Meantime, I am trying to keep us alive,
find strong places to stay through the nights. There are strong
places, places you can find if you give it some thought. Stairwells
in high-rises, steel and concrete. They can't get through those
doors. Deep freezers in grocery stores. Heavy steel doors. The
vehicles if we have to, and we have had to. They can't get in there
to get us either. A little fire at night if I can, because they are
afraid of fire. It's one constant, so far. The Zombies don't like
the smell of smoke.

Canned stuff to eat. Christ, we'll be
eating canned shit until we die. Get up the next day and push on.
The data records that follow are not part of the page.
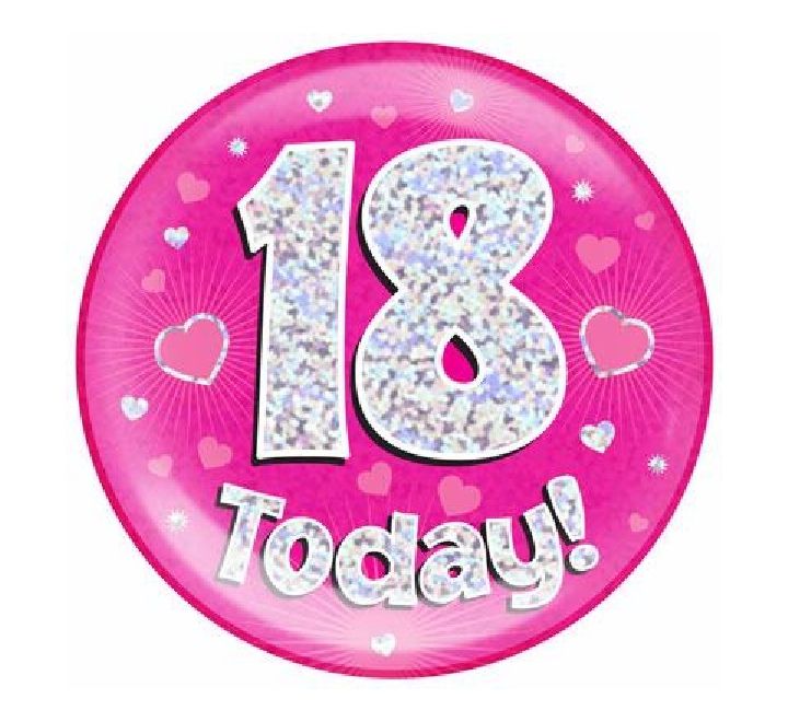 Pink Holographic Birthday 18th Jumbo Pin Badge
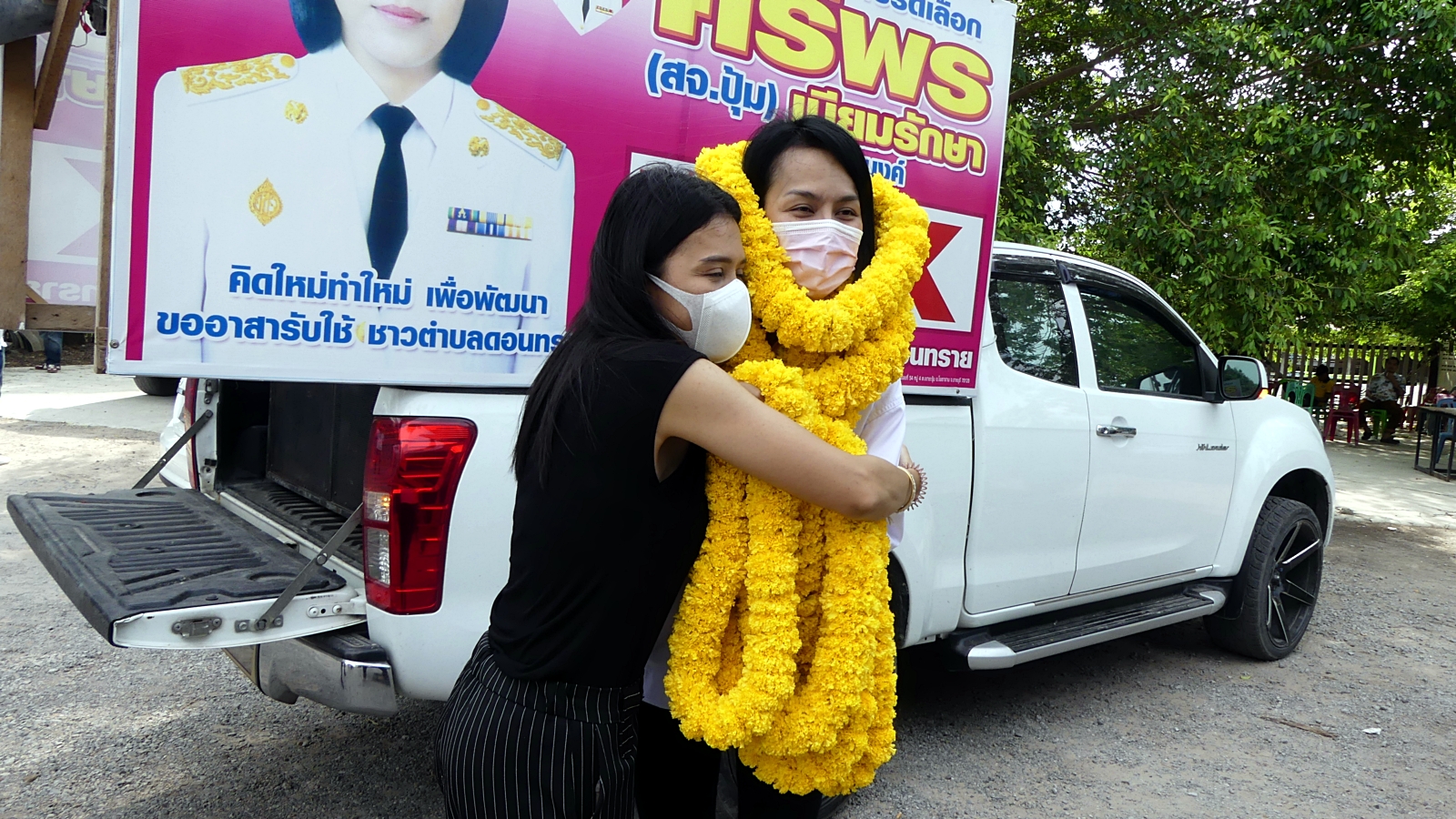 ราชบุรี-ลูกสาวครูนงค์(ศิริพร เนียมรักษา) ขึ้นรถแห่ออกขอบคุณชาวต.ดอนทราย หลังคว้าชัยนั่งเก้ากี้นายกเทศมนตรี เทศบาลต....
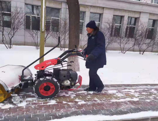 第二天大雪再次降临,在雪中奋战一夜的学校后勤清雪大军,“以雪为令”再次投入到清雪工作中,对校园主干街道进行反复清扫作业,不间断地清雪工作为校园的师生出行保驾护航。
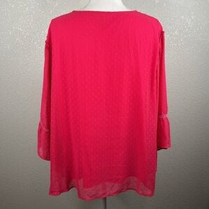 Curations Boho Hot Pink Swiss Dot Floral Embroidered V-Neck Top Size Large
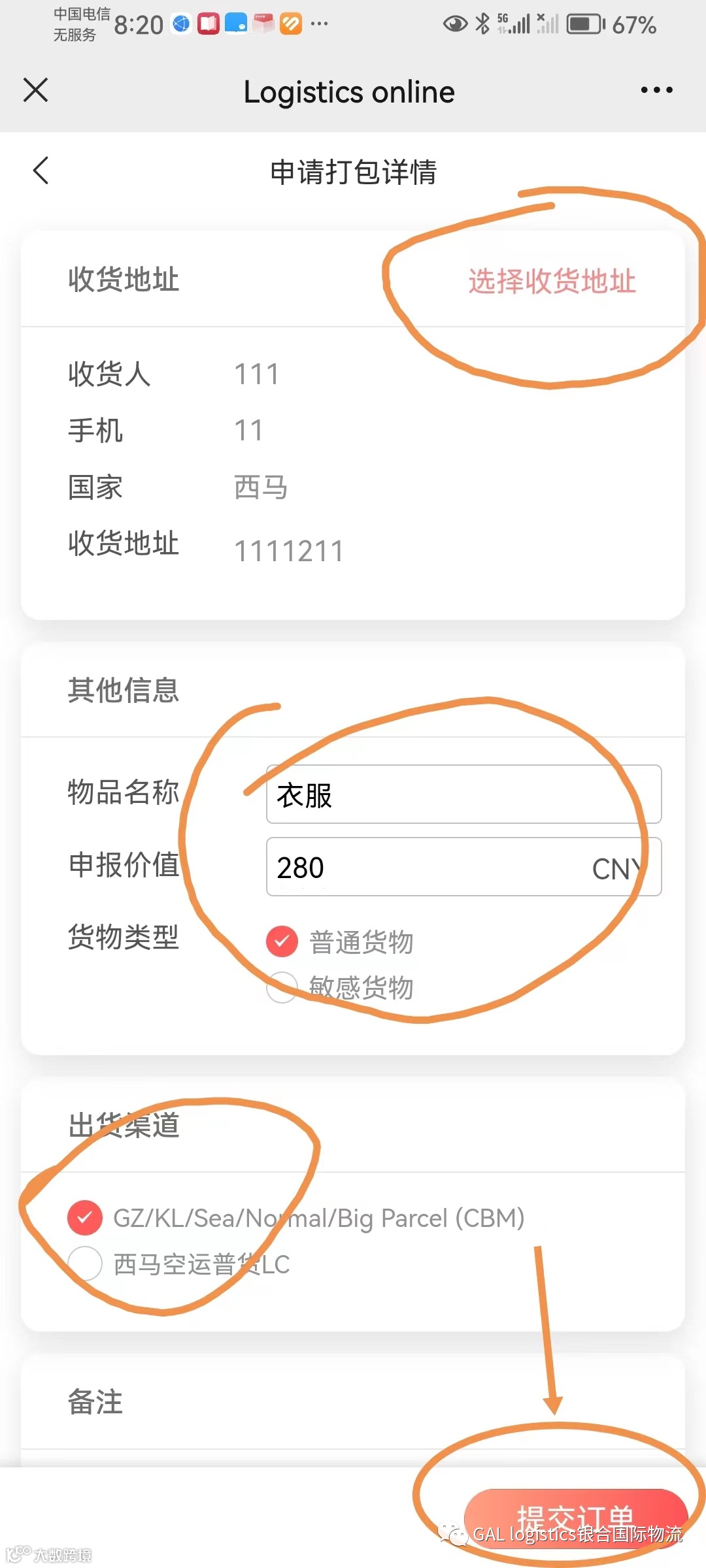 输入国外收货地址,物品名称,货物类型等选项后再次提交订单,就可以完成下单。
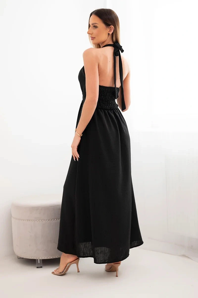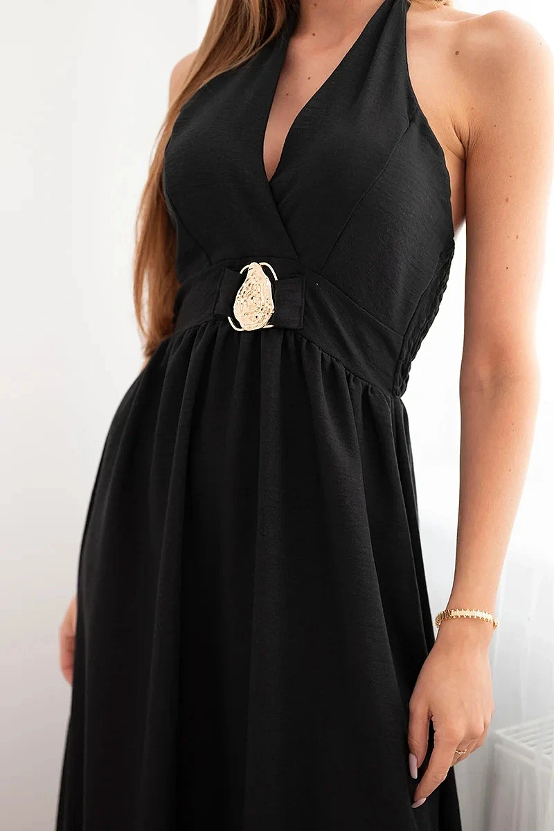 Dámské viskózové maxi šaty vázané na krku s ozdobnou sponou černá
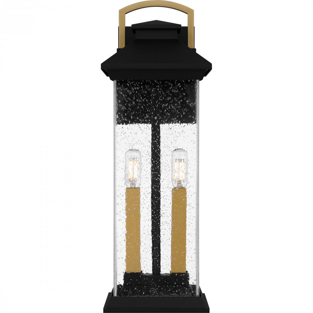 Adorn your homes exterior with Henderson outdoor wall lanterns. The rectangular silhouette is finished in earth black and features gold accents for an extra hint of modern style and luxury. Clear seedy glass shades add sparkle to the overall design, making
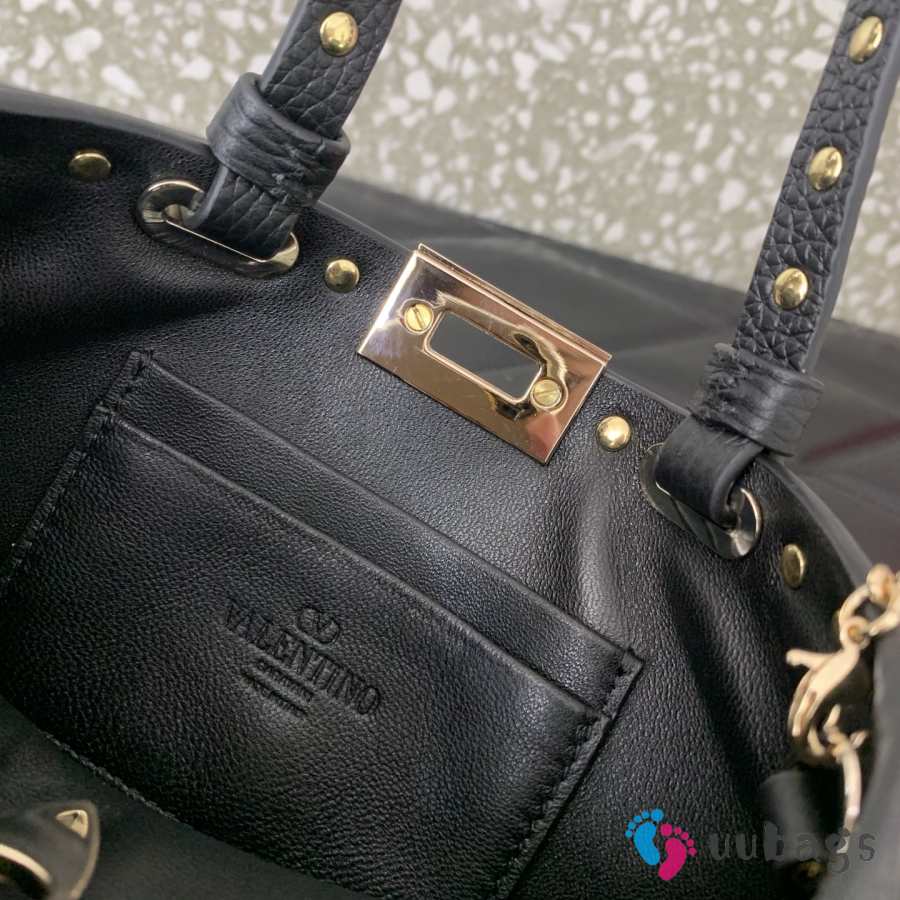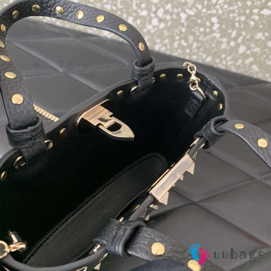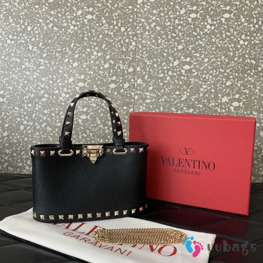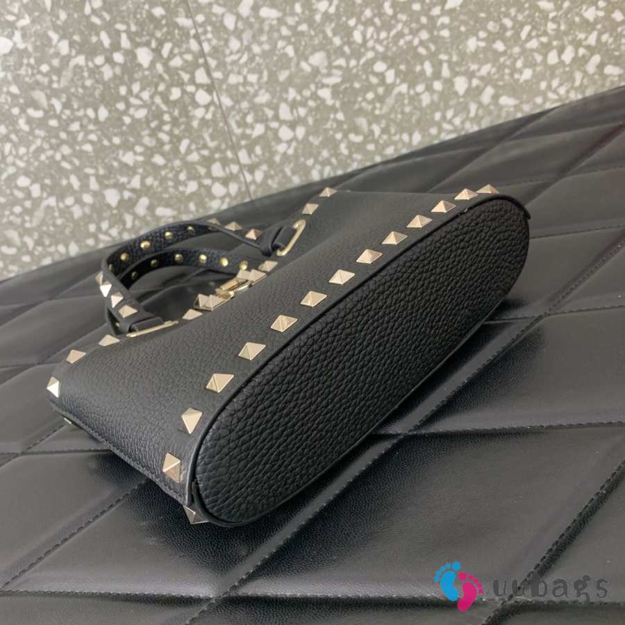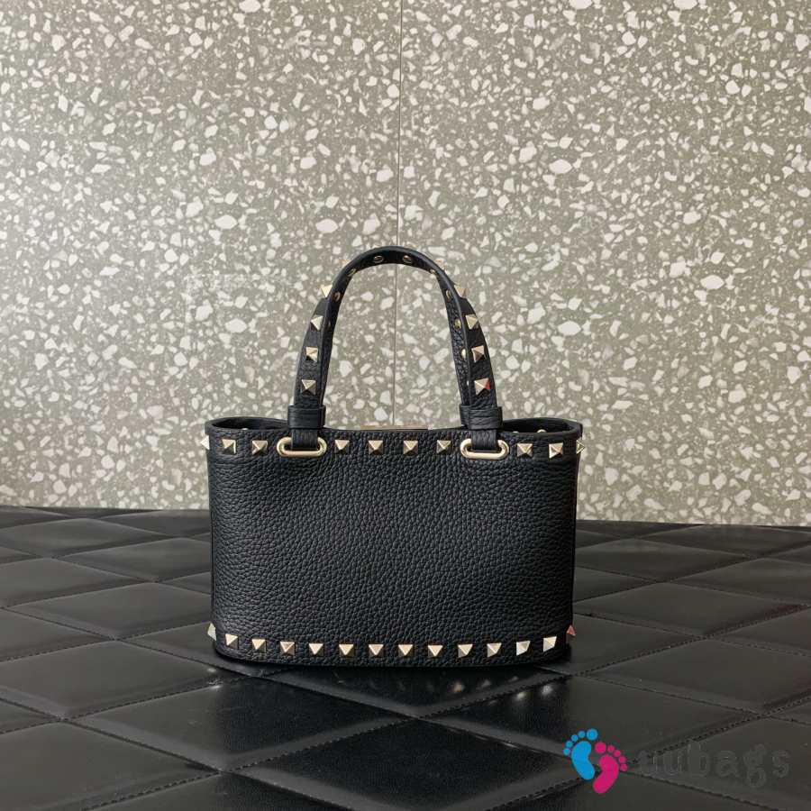 Uubags Valentino Garavani Rockstud Mini Shopping Bag In Black Grainy Calfskin 18.5x12.5x5.5cm
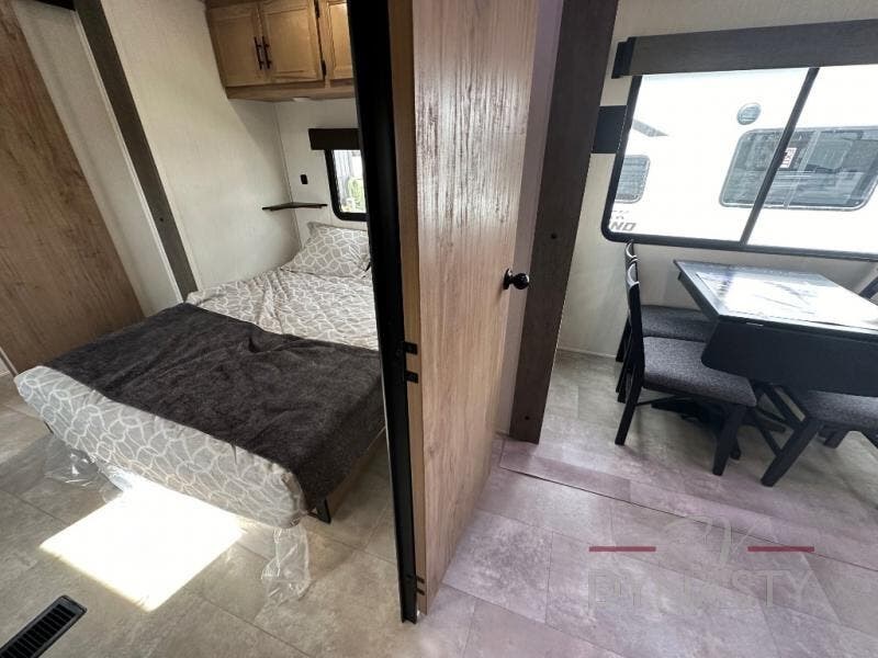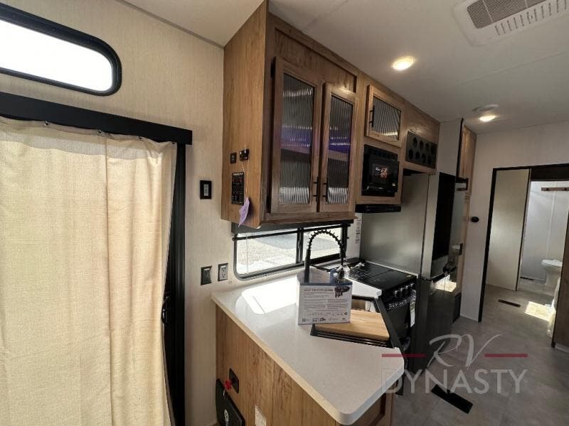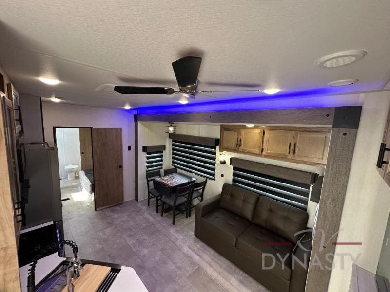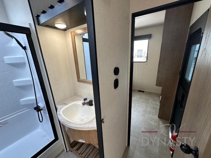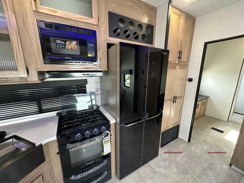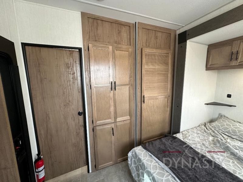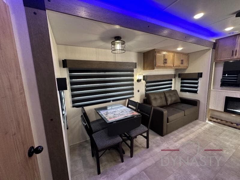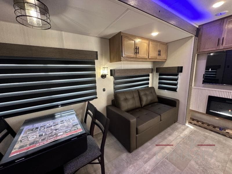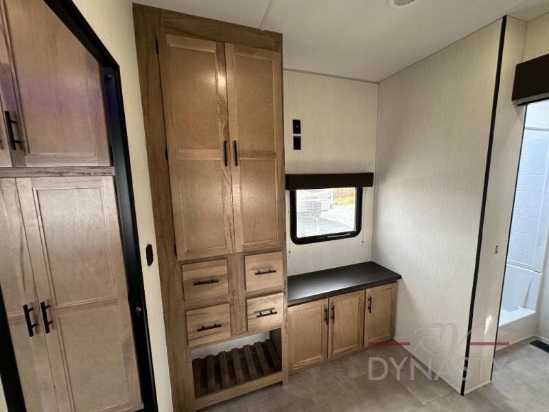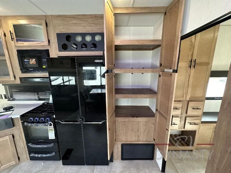 Spacious and comfortable is how you will describe this destination travel trailer featuring triple slides, two full baths, and a spacious combined kitchen and living area thanks to the large slide here featuring a free standing dinette and sofa. The kitchen includes everything you need to comfortably cook while you are away, and allows you to make meals for your family just like at home. There is a large pantry where you can keep plenty of snacks and dry goods for your trip. In the rear of the coach, there is a private bedroom featuring a queen bed slide for added space, comfortable sleeping, as well as ample storage between a dresser and wardrobe for your clothing. In the very back, a master suite bath featuring a vanity with sink, a shower with a seat, and linen storage for your towels and toiletries. This front bedroom also features a king bed slide!

Get moving again. And that is what I've done. Kept us moving. Kept
us safe. And she has come willingly, although silently, like a big,
semi-animated puppet. And then yesterday she was sitting beside me,
silent as she had been since the thing with Madison, and she
spoke.


I don't like beans, Bear.
I just don't. Maybe we could find something different tonight?” She
had lifted her voice at the end and made it into a question. I was
winding my way through the middle of an abandoned car and a
wrecked, burned out truck, months old. I looked over at her. She
smiled, tentative at first, but then it lit up her face. I had to
laugh. I had so much pent up inside me.